Trade lambs also fell, down 33c/kg to 1160c/kg nationally, with major yards now seeing new season lambs outnumber old stock. Total lamb yardings lifted by nearly 10,000 head from the previous week, but it is interesting to note that September lamb yardings so far (with only two yarding days left) are about 110,000 head fewer than total September yardings last year.

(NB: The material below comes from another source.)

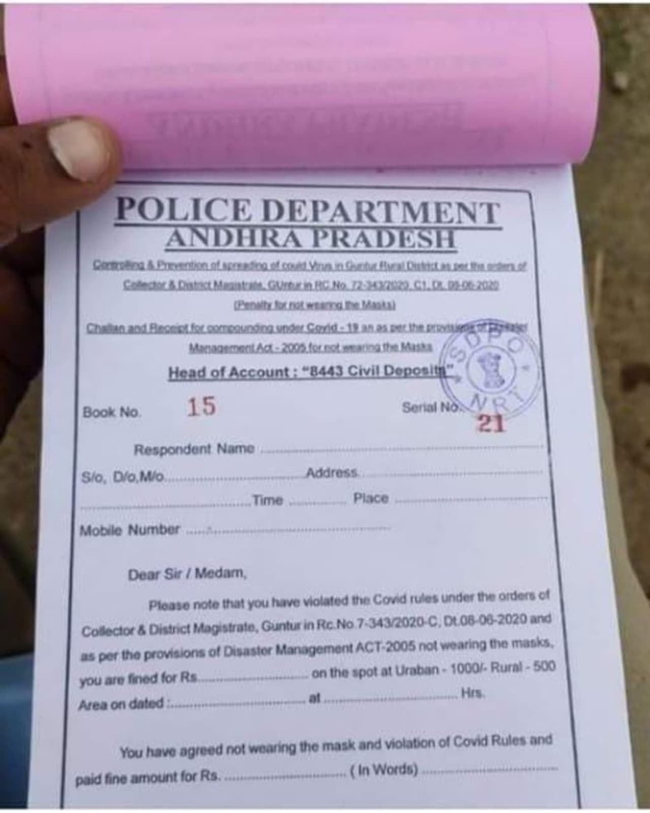 అమరావతి: ఆంధ్ర ప్రదేశ్ లో కరోనా కేసులు రోజురోజుకు మళ్లీ పెరుగుతున్న నేపథ్యంలో జగన్ సర్కార్ నిబంధనలు మరింత కఠినతరం చేసింది. రేపటి(మంగళవారం) నుంచి ఇంటినుండి బయటకు వచ్చేముందు ప్రతిఒక్కరూ మాస్కులు తప్పనిసరిగా ధరించాలని ఆంధ్రప్రదేశ్ ప్రభుత్వం ఉత్తర్వులు జారీచేసింది. మాస్కులు ధరించకుండా బయటకు వస్తే గ్రామాల్లో అయితే రూ.500, పట్టణాలలో అయితే రూ.1000 జరిమానా విధించనున్నారు. ఇందుకు సంబంధించి పోలీసులకు జరిమానా పుస్తకాలు అందాయి.

About 60% of all trade lamb indicator eligible stock came out of three NSW yards, being Forbes, Wagga Wagga and Dubbo, and both Forbes and Dubbo averaged above 1200c/kg. The Eastern States Trade Lamb Indicator closed the week at 1163c/kg, while in the west it was 1070c/kg. Merino lambs were the best performers, up 2c/kg and now sitting 112c/kg higher than four weeks ago, at 1079c/kg. Restockers and trade lambs both lost ground, falling 22c/kg and 28c/kg respectively.

Next week

We are already a month into spring, and new season lambs are only just starting to present in strong numbers. If good seasonal conditions continue to eventuate, supply should continue to firm, but is still unlikely to catch up to year-ago levels until later in the year. While there has been downward pressure this week, prices are still at historically very high levels, so if they can hold firm, producers will continue to fare well.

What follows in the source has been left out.